Réforme du pastef bloquée, sonko en difficulté au Sénégal

Sénégal : le Conseil constitutionnel enterre la réforme du Pastef, Sonko en première ligne

Le Conseil constitutionnel sénégalais a rendu hier une décision historique en invalidant la réforme institutionnelle portée par la majorité parlementaire du Pastef. Ce revers juridique marque un tournant dans la confrontation politique opposant Ousmane Sonko à Bassirou Diomaye Faye.

Le texte, présenté comme un rééquilibrage des pouvoirs entre institutions, a été jugé contraire à la Constitution par la plus haute juridiction du pays. Une décision qui fragilise davantage la position d’Ousmane Sonko, déjà affaibli par les tensions croissantes avec le président.

Une réforme constitutionnelle rejetée sur deux points majeurs

Le Conseil constitutionnel a pointé deux irrégularités majeures dans le processus législatif. D’abord, l’absence de financement prévu pour la future Cour constitutionnelle, pourtant prévue par la réforme. Ensuite, le non-respect des procédures parlementaires lors de l’examen des amendements gouvernementaux, notamment l’application de la procédure du vote bloqué.

Saisi par le président Bassirou Diomaye Faye lui-même, l’institution judiciaire a rappelé que toute réforme créant des charges publiques – comme l’organisation d’élections ou la mise en place d’une Cour constitutionnelle – doit s’accompagner de recettes compensatrices, conformément à l’article 82 de la Constitution.

Les réactions des acteurs politiques

Adji Diarra Mergane Kanouté, figure de l’opposition et présidente de la coalition Ensemble Demain, a salué cette décision tout en mettant en garde : « Le rejet du texte ne signifie pas que l’Assemblée ne peut pas proposer une nouvelle révision, à condition de respecter strictement les procédures constitutionnelles. »

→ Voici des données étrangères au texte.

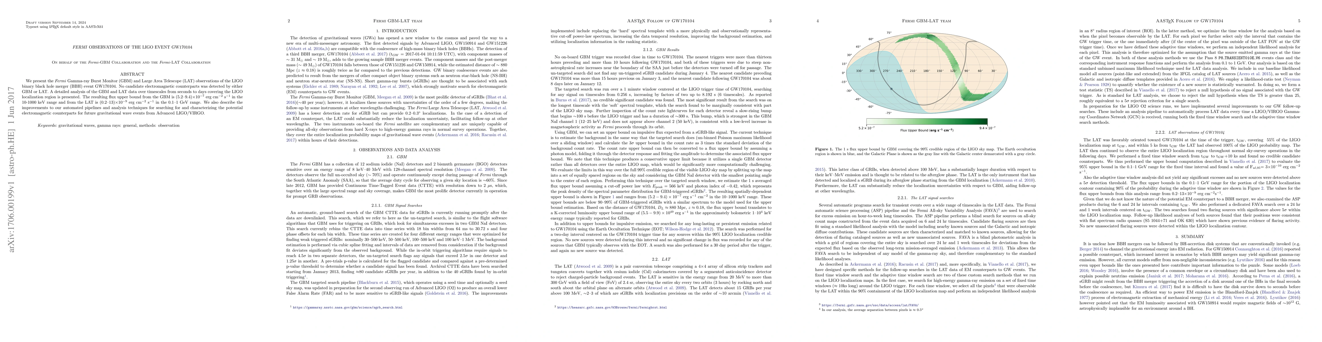 We present the \emph{Fermi} Gamma-ray Burst Monitor (GBM) and Large Area Telescope (LAT) observations of the LIGO binary black hole merger (BBH) event GW170104. No candidate electromagnetic counterparts was detected by either GBM or LAT. A detailed analysis of the GBM and LAT data over timescales from seconds to days covering the LIGO localization region is presented. The resulting flux upper bound from the GBM is (5.2--9.4)$\times$10$^{-7}$ erg cm$^{-2}$ s$^{-1}$ in the 10-1000 keV range and from the LAT is (0.2--13)$\times$10$^{-9}$ erg cm$^{-2}$ s$^{-1}$ in the 0.1--1 GeV range. We also describe the improvements to our automated pipelines and analysis techniques for searching for and characterizing the potential electromagnetic counterparts for future gravitational wave events from Advanced LIGO/VIRGO.

De son côté, Ousmane Sonko a reconnu publiquement la décision du Conseil constitutionnel sur les réseaux sociaux. La coalition présidentielle, quant à elle, a réaffirmé la nécessité de poursuivre le dialogue sur les réformes institutionnelles.

Renforcement des enquêtes parlementaires : une autre pomme de discorde

Parmi les dispositions rejetées figurait également le projet d’élargir les prérogatives de contrôle des députés sur les contrats liés à l’exploitation des ressources naturelles. Ce volet, bien que moins médiatisé, cristallise les tensions entre majorité et opposition.

Cohabitation conflictuelle à la tête du pouvoir

La décision du Conseil constitutionnel intervient dans un contexte de tensions croissantes entre Ousmane Sonko et Bassirou Diomaye Faye. Écarté de la Primature en mai dernier, Sonko avait tenté de rebondir en prenant la présidence de l’Assemblée nationale. Pourtant, ses déclarations récentes évoquent désormais une « cohabitation » tendue avec le chef de l’État.

Pour les observateurs, cette invalidation marque un nouvel épisode dans une rivalité politique qui s’installe durablement, avec des répercussions potentielles sur l’ensemble du paysage institutionnel sénégalais.

« Le Conseil constitutionnel rappelle que même avec une majorité absolue, les institutions doivent fonctionner dans le respect des règles et des avis divergents. C’est une victoire pour l’État de droit. » — Dr. Binette Ndiaye, coordinatrice du Forum Citoyen.